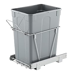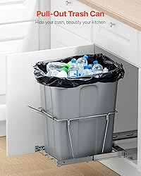 Hidden Trash Bin: The pull out trash can maximizes space usage and keeps your kitchen cleaner and more organized. It effectively prevents children or pets from accidentally knocking it over, maintaining cleanliness in your home, dining area, bar, or other spaces Large 35QT Capacity: Our pull out garbage can comes with a 35QT large capacity, perfectly meeting the needs of both home and commercial use. It helps eliminate the hassle of frequent trash disposal. With bottom installation, it can hold up to 30 kg / 66.14 lbs of trash and slides in and out effortlessly Premium Material: The under counter trash can features high-quality smooth steel ball rails, allowing you to smoothly and quietly slide the bin in and out. There's no need to constantly adjust the bin, making trash disposal easy and comfortable. The bracket is made of iron, offering strong rust and corrosion resistance and can be wiped clean for long-lasting durability Easy Installation in Minutes: With the included mounting holes and screws, installing the trash can into your cabinet is quick and easy. Recommanded cabinet size:Depth(front and back): ≥430 mm / ≥17 inch; Width(right and left): ≥292 mm / ≥11.5 inch; Vertical Height(up and down): ≥500 mm / ≥20 inch. After measuring the cabinet, you can assemble the trash can in just a few minutes Handle Design: The under cabinet trash can with a handle is more considerate. Simply pull the trash can out of the bottom cabinet. With the smooth sliding track, you can slide in and out of the container without noise or obstruction, avoiding direct contact with garbage and ensuring cleanliness and hygiene
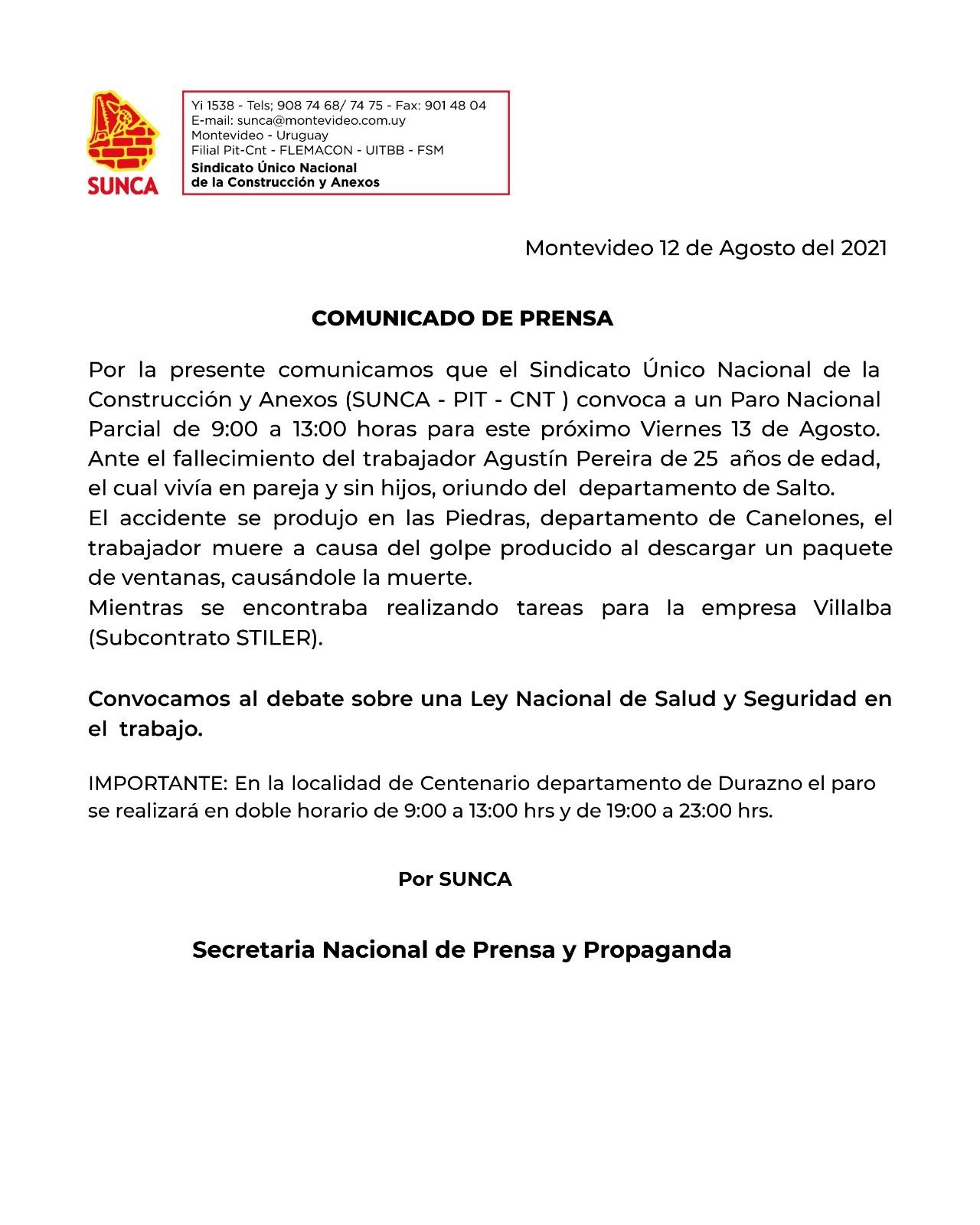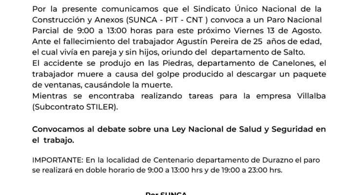 Según la información brindada por el Sindicato Único Nacional de la Construcción y Anexos (Sunca), Pereira “murió a causa del golpe producido al descargar un paquete de ventanas”.
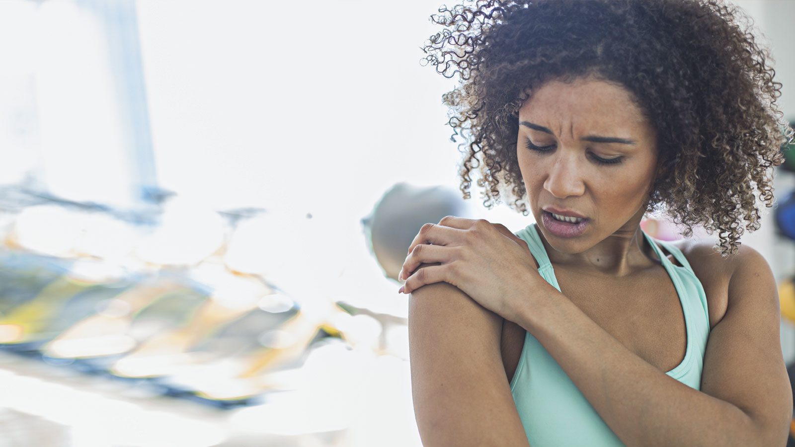 A woman holds her shoulder in pain.
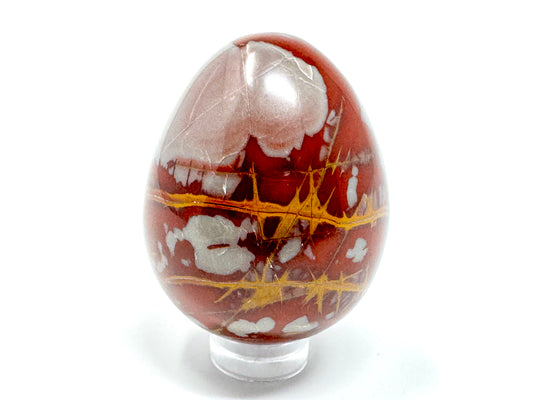 This Noreena Jasper Crystal is of a very high grade, and the careful polish has enhanced the shine and vibrancy of this stone's volcanic colours and patterns.
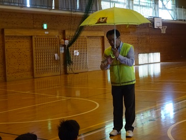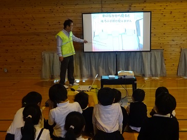 安全な道路の歩き方を交通安全協会の方にスライドを使って
┄┄┄┄┄┄┄┄┄┄┄┄┄┄┄┄┄┄┄┄
• **EXERCISE BRIEF**
Reprint the whole listing above exactly, taking out the pictures.

• **PROBLEM SOLUTION**
 Hidden Trash Bin: The pull out trash can maximizes space usage and keeps your kitchen cleaner and more organized. It effectively prevents children or pets from accidentally knocking it over, maintaining cleanliness in your home, dining area, bar, or other spaces Large 35QT Capacity: Our pull out garbage can comes with a 35QT large capacity, perfectly meeting the needs of both home and commercial use. It helps eliminate the hassle of frequent trash disposal. With bottom installation, it can hold up to 30 kg / 66.14 lbs of trash and slides in and out effortlessly Premium Material: The under counter trash can features high-quality smooth steel ball rails, allowing you to smoothly and quietly slide the bin in and out. There's no need to constantly adjust the bin, making trash disposal easy and comfortable. The bracket is made of iron, offering strong rust and corrosion resistance and can be wiped clean for long-lasting durability Easy Installation in Minutes: With the included mounting holes and screws, installing the trash can into your cabinet is quick and easy. Recommanded cabinet size:Depth(front and back): ≥430 mm / ≥17 inch; Width(right and left): ≥292 mm / ≥11.5 inch; Vertical Height(up and down): ≥500 mm / ≥20 inch. After measuring the cabinet, you can assemble the trash can in just a few minutes Handle Design: The under cabinet trash can with a handle is more considerate. Simply pull the trash can out of the bottom cabinet. With the smooth sliding track, you can slide in and out of the container without noise or obstruction, avoiding direct contact with garbage and ensuring cleanliness and hygiene
 Según la información brindada por el Sindicato Único Nacional de la Construcción y Anexos (Sunca), Pereira “murió a causa del golpe producido al descargar un paquete de ventanas”.
 A woman holds her shoulder in pain.
 This Noreena Jasper Crystal is of a very high grade, and the careful polish has enhanced the shine and vibrancy of this stone's volcanic colours and patterns.
 安全な道路の歩き方を交通安全協会の方にスライドを使って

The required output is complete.